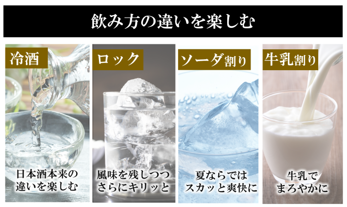 「ロック」「ソーダ割り」そして「牛乳割り」など、割り方を変えるだけで、様々な味わいを楽しむことができる。
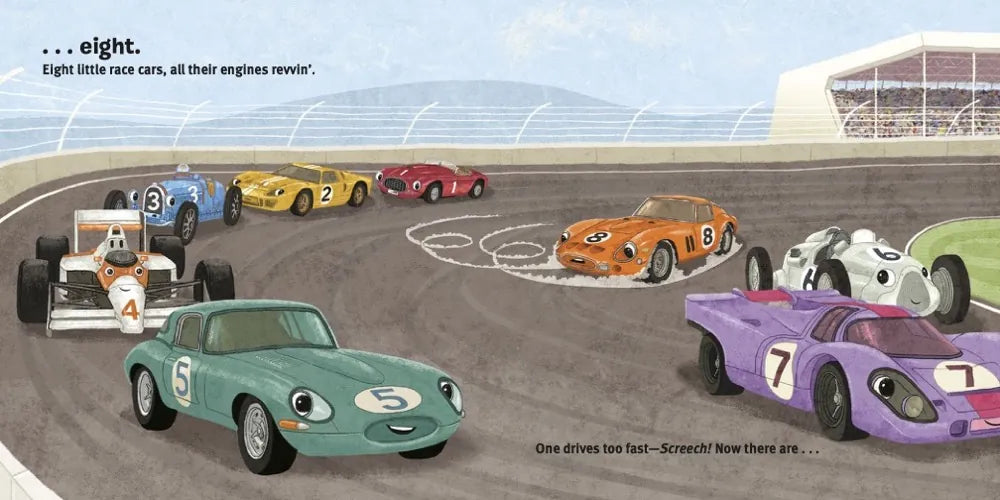 It's the car race of the century! On each page of this action-packed board book, young readers can count down race cars from ten to one. Along the way, motorsport fans will spot cars inspired by some of the legends of the history of racing, including the Porsche 917, Lancia Stratos, McLaren MP4/4, and Bugatti Type 35. With noisy words on every page, this is the perfect book to read aloud with your little race car fan.
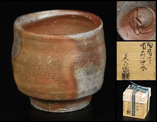 - 【 金重陶陽 】秀逸作 備前酒呑 人間国宝 金重晃介識箱 保証
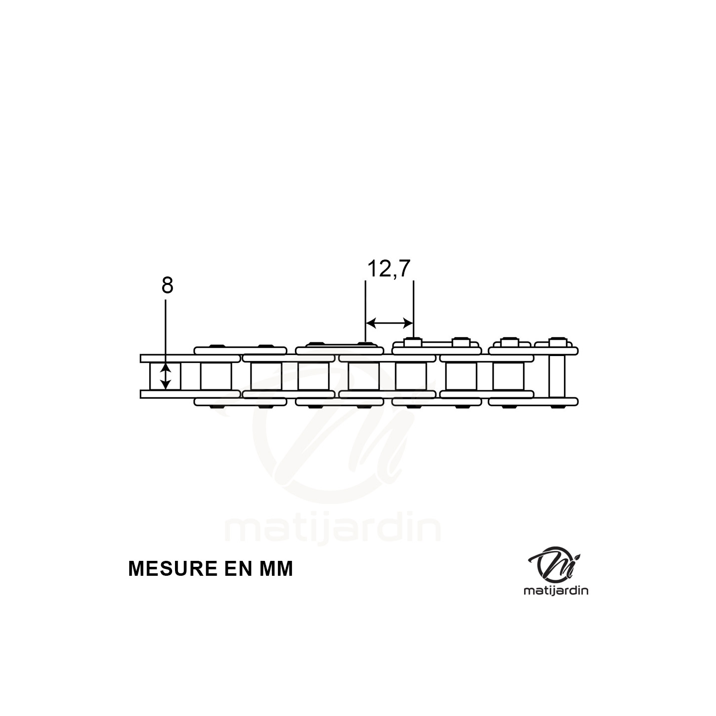 Chaine de transmission C40 3 mètres de longueur 12,7 x 8 mm
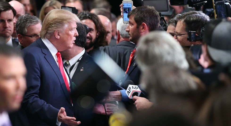 Featured Image: Republican presidential candidate Donald Trump speaks to the media in the spin room after the Fox Business Network Republican presidential debate at the North Charleston Coliseum and Performing Arts Center on January 14, 2016 in North Charleston, South Carolina. The sixth Republican debate is held in two parts, one main debate for the top seven candidates, and another for three other candidates lower in the current polls. (Photo by Scott Olson/Getty Images)
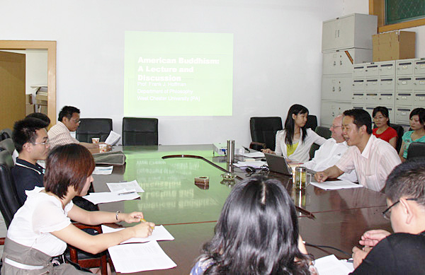 霍夫曼教授本次学术讲座以美国佛教为主题,在演讲过程中主要从人与人之间的关系、生态伦理、作为随意而非绝对永恒的生命形式入手,介绍美国佛教的研究发展现状以及发展趋势和佛教研究中的主要知识,拓宽了学生的研究视野,为中国传统文化研究提供了新知识新视角。霍夫曼教授精彩诙谐的演讲博得了学生们的阵阵掌声和会心笑声。讲座现场气氛热烈,全程使用英语的互动式讨论方式,给在场人员留下了深刻印象。
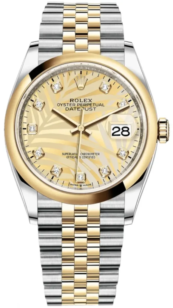 $239.00 – $859.00Price range: $239.00 through $859.00Rolex Datejust 36 Steel & Yellow Gold Golden Palm-Motif Diamond Dial Women’s Watch M126203-0043
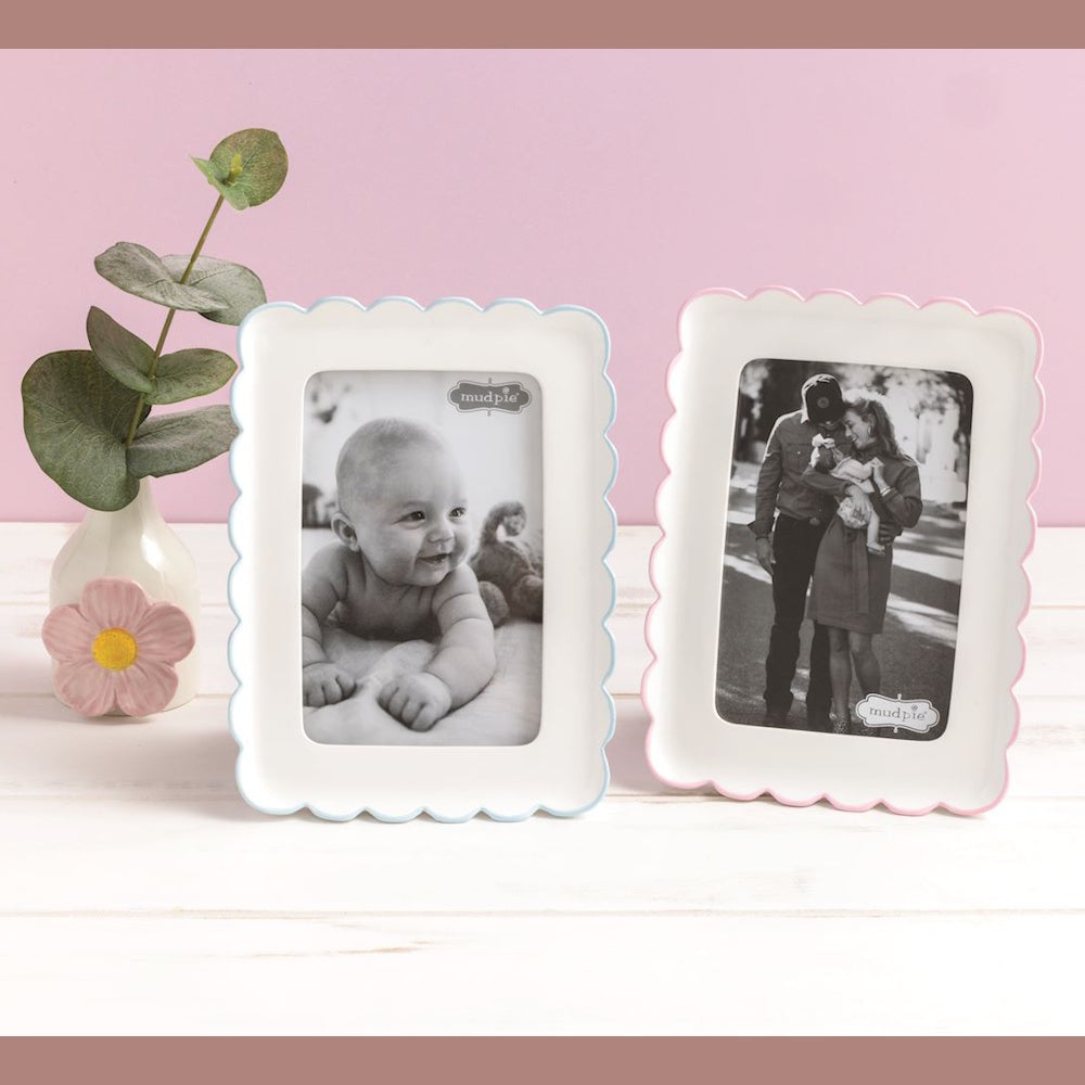Ideal for housewarmings, baby showers, weddings, or thoughtful everyday gifting, these scalloped resin frames blend functionality with boutique-style elegance. Whether styled alone or layered with other décor, they make every photo feel special.
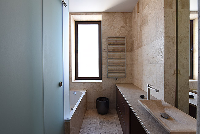 Зеркальная перегородка между ванной и туалетом очень кстати, когда приходят гости. В остальное время она открыта, можно использовать естественный свет из окна в ванной.
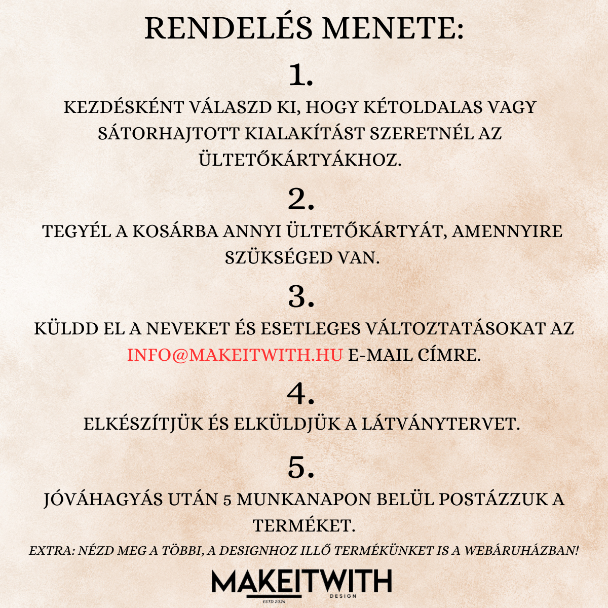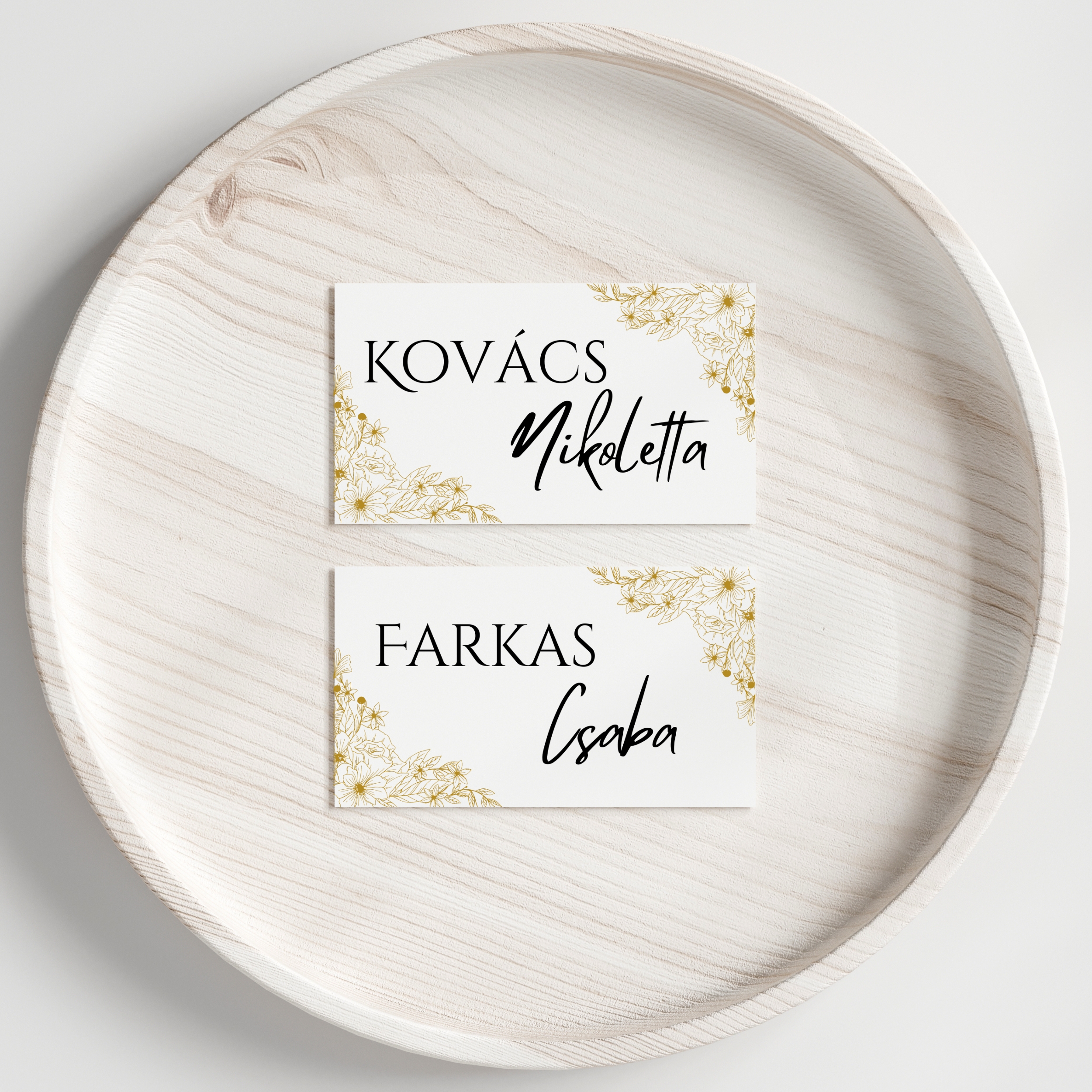 • Kialakítás: Egyedi, előre nyomtatott nevekkel ellátott ültetőkártya

*WORK INSTRUCTIONS*
Using the material above, transcribe exactly the lines from the one holding "Featured Image: Republican" to the one holding "Women’s Watch M126203-0043", both ends kept. Do not carry over any pictures.

*COMPLETED EXERCISE*
 Featured Image: Republican presidential candidate Donald Trump speaks to the media in the spin room after the Fox Business Network Republican presidential debate at the North Charleston Coliseum and Performing Arts Center on January 14, 2016 in North Charleston, South Carolina. The sixth Republican debate is held in two parts, one main debate for the top seven candidates, and another for three other candidates lower in the current polls. (Photo by Scott Olson/Getty Images)
 霍夫曼教授本次学术讲座以美国佛教为主题,在演讲过程中主要从人与人之间的关系、生态伦理、作为随意而非绝对永恒的生命形式入手,介绍美国佛教的研究发展现状以及发展趋势和佛教研究中的主要知识,拓宽了学生的研究视野,为中国传统文化研究提供了新知识新视角。霍夫曼教授精彩诙谐的演讲博得了学生们的阵阵掌声和会心笑声。讲座现场气氛热烈,全程使用英语的互动式讨论方式,给在场人员留下了深刻印象。
 $239.00 – $859.00Price range: $239.00 through $859.00Rolex Datejust 36 Steel & Yellow Gold Golden Palm-Motif Diamond Dial Women’s Watch M126203-0043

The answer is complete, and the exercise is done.